What you need to do: Transcribe the data in full and exactly, omitting any pictures.

Supplied information:
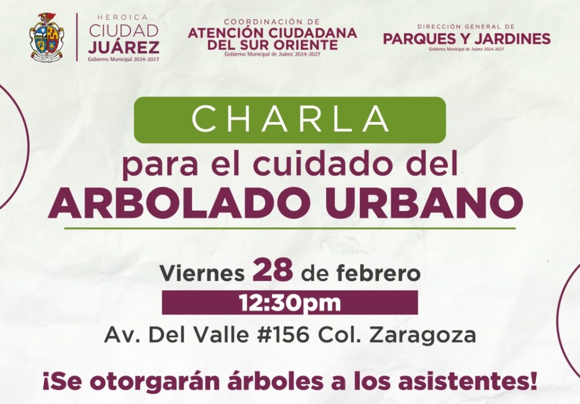 La Coordinación de Atención Ciudadana del Suroriente, coordinada con la Dirección de Parques y Jardines, llevarán a cabo la charla para el cuidado del arbolado urbano.
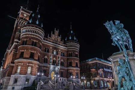 HELSINGBORG, SWEDEN - OCTOBER 29 2019: The neogothic style town hall building at night in Helsingborg, Sweden.
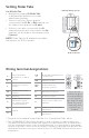 Montaje del termostato 1. Introduzca el excedente de cable en la abertura de la pared. 2. Cierre la tapa de la placa de la UWP. Debe permanecer cerrada sin quedar protuberante. 3. Alinee la UWP con el termostato y presione suavemente hasta que el termostato calce en su lugar. 4. Conecte el suministro de electricidad en la caja de interruptores de circuito o en el interruptor. Configuraciones del sistema operativo 1 Presione el botón Mode (modo) para pasar al siguiente modo disponible en el sistema.

Result below:
 La Coordinación de Atención Ciudadana del Suroriente, coordinada con la Dirección de Parques y Jardines, llevarán a cabo la charla para el cuidado del arbolado urbano.
 HELSINGBORG, SWEDEN - OCTOBER 29 2019: The neogothic style town hall building at night in Helsingborg, Sweden.
 Montaje del termostato 1. Introduzca el excedente de cable en la abertura de la pared. 2. Cierre la tapa de la placa de la UWP. Debe permanecer cerrada sin quedar protuberante. 3. Alinee la UWP con el termostato y presione suavemente hasta que el termostato calce en su lugar. 4. Conecte el suministro de electricidad en la caja de interruptores de circuito o en el interruptor. Configuraciones del sistema operativo 1 Presione el botón Mode (modo) para pasar al siguiente modo disponible en el sistema.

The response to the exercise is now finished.